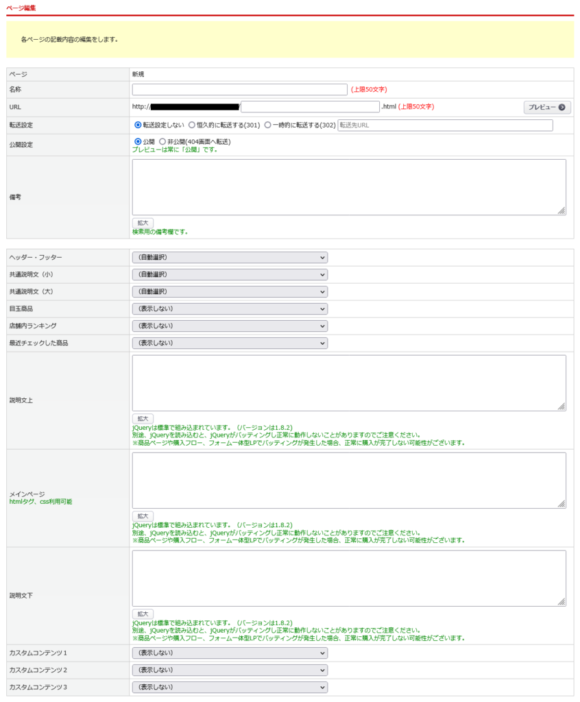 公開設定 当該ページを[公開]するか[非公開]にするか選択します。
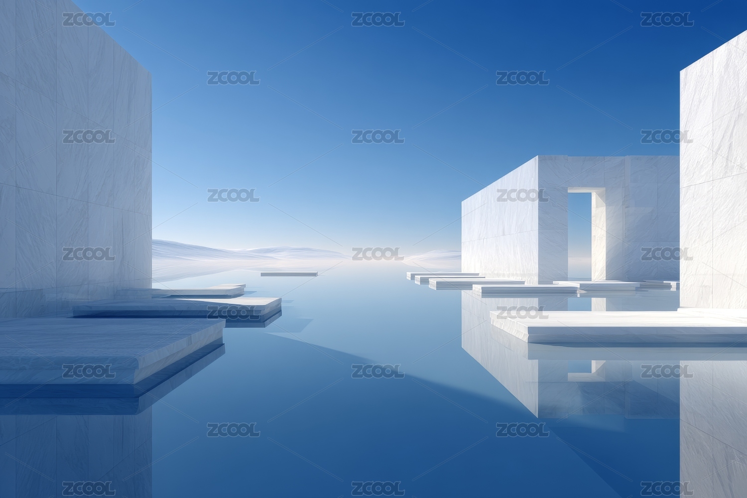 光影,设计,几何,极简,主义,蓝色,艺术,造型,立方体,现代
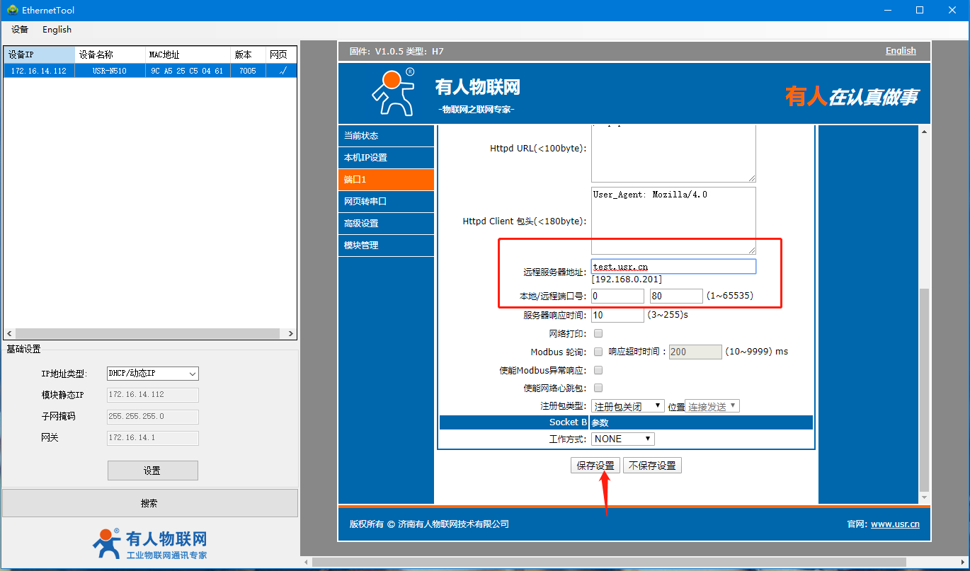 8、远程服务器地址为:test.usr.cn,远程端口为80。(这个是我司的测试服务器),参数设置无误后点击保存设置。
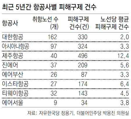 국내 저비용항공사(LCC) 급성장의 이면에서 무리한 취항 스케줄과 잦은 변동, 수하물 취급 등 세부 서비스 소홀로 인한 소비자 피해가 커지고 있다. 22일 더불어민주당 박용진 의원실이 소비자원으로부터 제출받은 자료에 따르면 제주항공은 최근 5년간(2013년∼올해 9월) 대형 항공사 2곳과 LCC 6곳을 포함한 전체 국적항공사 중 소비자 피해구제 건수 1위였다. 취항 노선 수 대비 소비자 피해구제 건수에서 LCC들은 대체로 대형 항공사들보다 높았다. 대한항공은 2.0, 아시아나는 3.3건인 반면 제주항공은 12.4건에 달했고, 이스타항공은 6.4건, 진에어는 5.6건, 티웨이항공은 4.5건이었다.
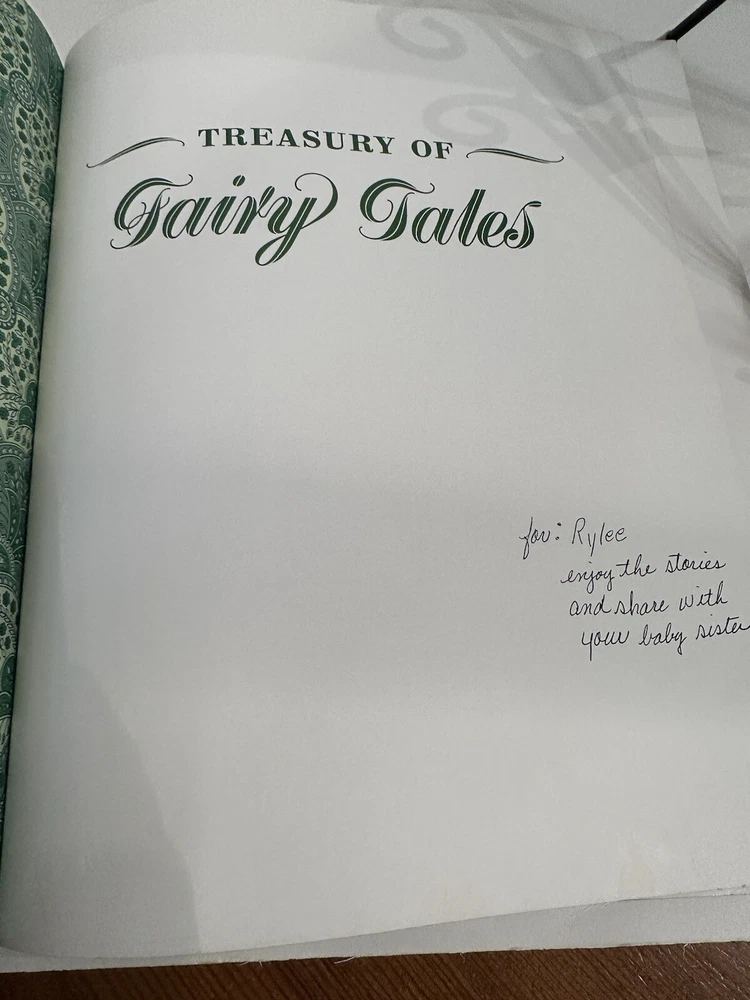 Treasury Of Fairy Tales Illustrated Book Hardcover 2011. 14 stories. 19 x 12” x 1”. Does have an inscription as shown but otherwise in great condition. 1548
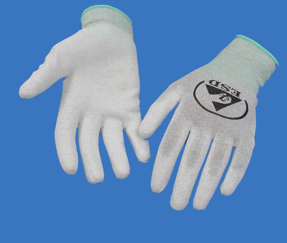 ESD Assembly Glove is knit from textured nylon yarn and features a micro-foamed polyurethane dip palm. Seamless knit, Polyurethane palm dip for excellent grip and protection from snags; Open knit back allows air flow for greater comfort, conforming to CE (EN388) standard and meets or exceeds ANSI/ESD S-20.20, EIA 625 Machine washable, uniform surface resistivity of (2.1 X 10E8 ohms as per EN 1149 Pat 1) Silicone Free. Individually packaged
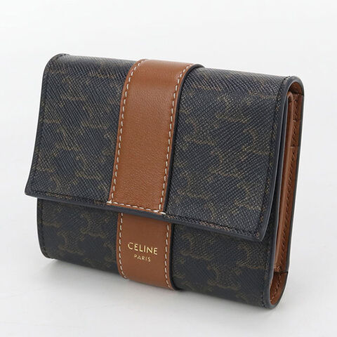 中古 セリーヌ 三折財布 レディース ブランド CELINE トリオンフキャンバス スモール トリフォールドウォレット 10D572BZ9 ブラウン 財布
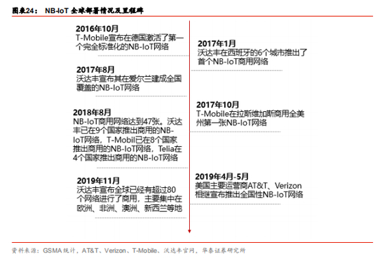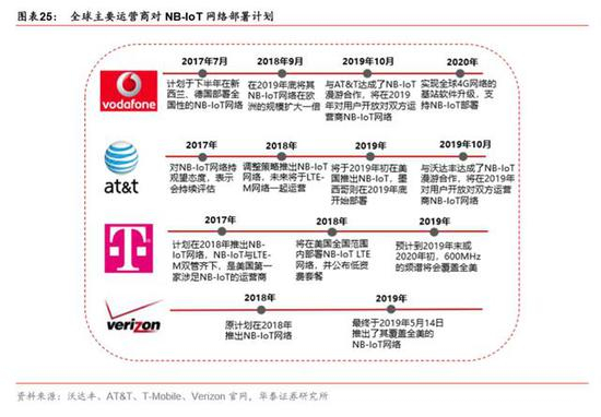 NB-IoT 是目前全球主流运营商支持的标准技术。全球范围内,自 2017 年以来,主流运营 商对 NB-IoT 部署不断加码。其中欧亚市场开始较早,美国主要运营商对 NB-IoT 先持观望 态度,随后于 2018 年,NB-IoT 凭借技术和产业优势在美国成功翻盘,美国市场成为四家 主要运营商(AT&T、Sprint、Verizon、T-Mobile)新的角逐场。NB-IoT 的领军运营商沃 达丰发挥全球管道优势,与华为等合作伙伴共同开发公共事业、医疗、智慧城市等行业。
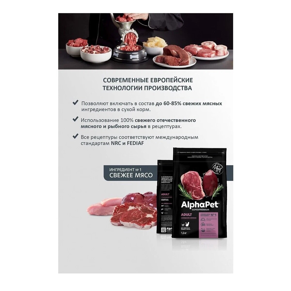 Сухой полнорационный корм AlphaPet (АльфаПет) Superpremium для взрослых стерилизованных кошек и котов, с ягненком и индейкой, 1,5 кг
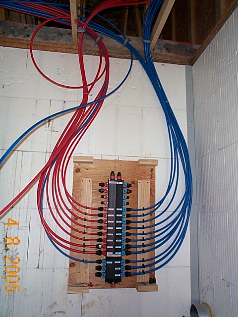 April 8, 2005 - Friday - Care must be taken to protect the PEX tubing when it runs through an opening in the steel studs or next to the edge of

____________

• Task details
Make an exact printout of the listing above, omitting the images.

• Result of this exercise
 公開設定 当該ページを[公開]するか[非公開]にするか選択します。
 光影,设计,几何,极简,主义,蓝色,艺术,造型,立方体,现代
 8、远程服务器地址为:test.usr.cn,远程端口为80。(这个是我司的测试服务器),参数设置无误后点击保存设置。
 국내 저비용항공사(LCC) 급성장의 이면에서 무리한 취항 스케줄과 잦은 변동, 수하물 취급 등 세부 서비스 소홀로 인한 소비자 피해가 커지고 있다. 22일 더불어민주당 박용진 의원실이 소비자원으로부터 제출받은 자료에 따르면 제주항공은 최근 5년간(2013년∼올해 9월) 대형 항공사 2곳과 LCC 6곳을 포함한 전체 국적항공사 중 소비자 피해구제 건수 1위였다. 취항 노선 수 대비 소비자 피해구제 건수에서 LCC들은 대체로 대형 항공사들보다 높았다. 대한항공은 2.0, 아시아나는 3.3건인 반면 제주항공은 12.4건에 달했고, 이스타항공은 6.4건, 진에어는 5.6건, 티웨이항공은 4.5건이었다.
 Treasury Of Fairy Tales Illustrated Book Hardcover 2011. 14 stories. 19 x 12” x 1”. Does have an inscription as shown but otherwise in great condition. 1548
 ESD Assembly Glove is knit from textured nylon yarn and features a micro-foamed polyurethane dip palm. Seamless knit, Polyurethane palm dip for excellent grip and protection from snags; Open knit back allows air flow for greater comfort, conforming to CE (EN388) standard and meets or exceeds ANSI/ESD S-20.20, EIA 625 Machine washable, uniform surface resistivity of (2.1 X 10E8 ohms as per EN 1149 Pat 1) Silicone Free. Individually packaged
 中古 セリーヌ 三折財布 レディース ブランド CELINE トリオンフキャンバス スモール トリフォールドウォレット 10D572BZ9 ブラウン 財布
 NB-IoT 是目前全球主流运营商支持的标准技术。全球范围内,自 2017 年以来,主流运营 商对 NB-IoT 部署不断加码。其中欧亚市场开始较早,美国主要运营商对 NB-IoT 先持观望 态度,随后于 2018 年,NB-IoT 凭借技术和产业优势在美国成功翻盘,美国市场成为四家 主要运营商(AT&T、Sprint、Verizon、T-Mobile)新的角逐场。NB-IoT 的领军运营商沃 达丰发挥全球管道优势,与华为等合作伙伴共同开发公共事业、医疗、智慧城市等行业。
 Сухой полнорационный корм AlphaPet (АльфаПет) Superpremium для взрослых стерилизованных кошек и котов, с ягненком и индейкой, 1,5 кг
 April 8, 2005 - Friday - Care must be taken to protect the PEX tubing when it runs through an opening in the steel studs or next to the edge of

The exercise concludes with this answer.